Your first inclination might be to stop being friends with this person, but after that, you might wonder: “Hey, how likely is it for a .500 team to start off 0-6?” This is the same (ignoring strength of schedule, the fact that games are not independent, and several other variables) as asking the question “how likely is a coin to land on heads six times in a row?” The answer to both questions is pretty simple: 0.500^6, or 1.56%. Using the binomial distribution (in Excel, this would involve typing =BINOM.DIST(0,6,0.5,TRUE) into a cell) — which assumes that the talent level of NFL teams is normally distributed, an assumption I will make throughout this post — would give you the same result of 1.56%.
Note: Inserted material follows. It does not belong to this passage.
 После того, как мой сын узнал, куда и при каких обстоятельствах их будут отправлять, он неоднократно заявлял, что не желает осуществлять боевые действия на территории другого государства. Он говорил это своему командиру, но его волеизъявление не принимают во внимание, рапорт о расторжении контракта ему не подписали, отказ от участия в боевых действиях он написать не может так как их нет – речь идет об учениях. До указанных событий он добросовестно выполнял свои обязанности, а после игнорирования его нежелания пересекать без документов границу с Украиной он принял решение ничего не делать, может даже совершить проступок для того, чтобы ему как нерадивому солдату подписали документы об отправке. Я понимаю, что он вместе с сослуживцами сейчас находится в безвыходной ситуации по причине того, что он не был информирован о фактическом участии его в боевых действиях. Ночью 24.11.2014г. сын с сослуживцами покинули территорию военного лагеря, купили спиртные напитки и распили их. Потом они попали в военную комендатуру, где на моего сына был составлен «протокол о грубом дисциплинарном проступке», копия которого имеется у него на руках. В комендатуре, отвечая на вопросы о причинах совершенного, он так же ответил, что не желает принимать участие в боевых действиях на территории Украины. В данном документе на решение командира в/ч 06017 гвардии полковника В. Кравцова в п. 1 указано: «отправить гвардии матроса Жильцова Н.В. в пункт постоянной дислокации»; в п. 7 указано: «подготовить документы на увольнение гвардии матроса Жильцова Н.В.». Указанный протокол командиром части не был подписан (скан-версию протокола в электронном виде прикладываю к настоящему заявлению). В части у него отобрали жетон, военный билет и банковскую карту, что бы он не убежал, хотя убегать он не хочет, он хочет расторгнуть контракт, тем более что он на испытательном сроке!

That answer is simple, but it actually answers a different question. What you want to know is the likelihood that the Giants are actually a .500 or better team. It’s a minor but crucial distinction: what we just determined was the likelihood that, given the assumption that the Giants are a .500 team, that they would start 0-6. To address the question of how likely the 2013 Giants are actually a .500 (or better) team despite the 0-6 start, we need to use Bayes Theorem.

Much of the math involved in this process is frankly over my head, but fortunately, Kincaid over at 3-D baseball already did much of the work (and thanks to Neil for giving me that link). I will be blatantly copying his article (with the only changes being stylistic and making this for, you know, football), so make sure to give him all the credit he deserves. It’s a fantastic piece that has many useful applications.
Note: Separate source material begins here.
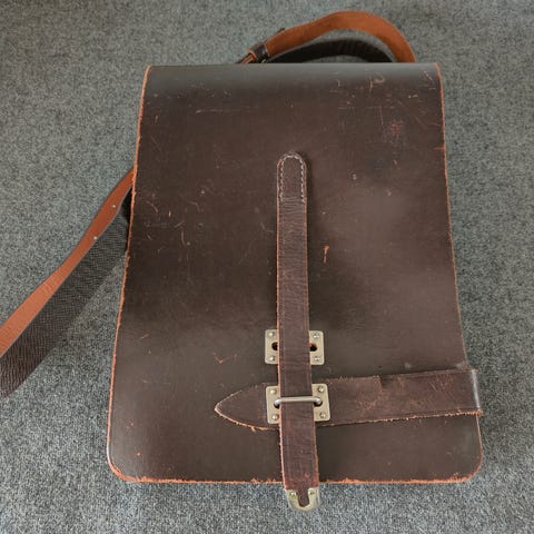 Kokonahkainen karttalaukku lokeroilla. Neuvostoliiton aikainen.

What we want to find out is the probability of A (the Giants being a .500 or better team) given B (the Giants going 0-6).  This can be stated as:

P(A|B) = P(B|A)*P(A)/P(B)

To determine the probability of A given B (which is what P(A|B) means in English), we need to find the probability of B given A, multiply that by the probability A, and divide by the probability of B.

Let’s start with the probability of A, which is simply the odds that a random NFL team (in this case, the Giants) are a .500 or better team.  That’s easy: it’s 0.500. In this step, we’re not looking at the results: we just want to know how likely the team we pulled from our prior distribution is actually a .500 (or better) team.  In truth, I’m taking the easy way out here by picking .500; if we want answer the question of how likely a 9-7 team (the Giants record last year and their wins total according to Vegas in the pre-season) is to start 0-6, that’s a slightly more complicated question.  This post is complicated enough, so we’ll skip that part for now.  In conclusion, P(A)=.5.
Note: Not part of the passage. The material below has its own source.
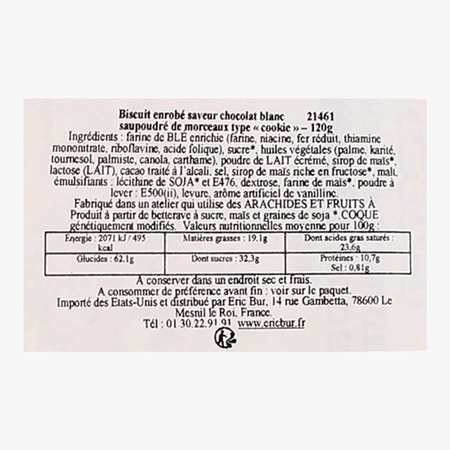 Biscuit enrobé saveur chocolat au lait saupoudré de morceaux type « cookie »

The more interesting question is determining the probability of B, i.e., the probability that we observe a random team drawn from our prior distribution lose its first six games. This is simple to calculate for any one team if we know their true winning percentage — after all, we did that in the beginning of this post — but we need to know the average weighted probability for all possible teams we could draw from our prior distribution. We need an average weighted probability because if a team goes 0-6, they’re much more likely to be a bad team than a good team. Doing this will require a bit of calculus, but fortunately there are online calculators that can do all the heavy lifting.

For any one team with a known true win% (p), the probability of going 0-6 is:

( G! / (W! * L!) ) * p^W * (1-p)^L

where G represents the number of total games, W the number of wins, and L the number of losses. This isn’t as scary as it looks: if we make G = 6, W = 0, and L = 6, and want to see the likelihood of a team going 0-6 as p (the known true win%) ranges from 0.25 to 0.75, we get the following graph:

The red dot is at p = 0.500, which shows the Giants at a 1.56% chance.   But the key isn’t finding the odds of each p, it’s finding the average value of that formula across the entire prior distribution. To do this, we utilize the same principle as a weighted average. Here, the weight given to each possible value of p is represented by the probability density function of the prior distribution. As you can see above, the odds of a .300 team losing six straight games is much higher — about 11.8% — and that number gets weighted by the quantity f(p), where f(p) is the probability density function or our prior normal distribution. We repeat this for each possible value of p, add up the weighted terms, and then divide by the sum of the weights. This means taking the definite integral (from p=0 to p=1) of the probabilities weighted by f(p), which we can do using an online definite integral calculator. You can copy and paste this into the function field if you want to try it for yourself:

((6!/(0!*6!))*exp((-((x-.5)^2))/(2*.0225))*(x^0*(1-x)^6)/(sqrt(2*3.14159*.0225)))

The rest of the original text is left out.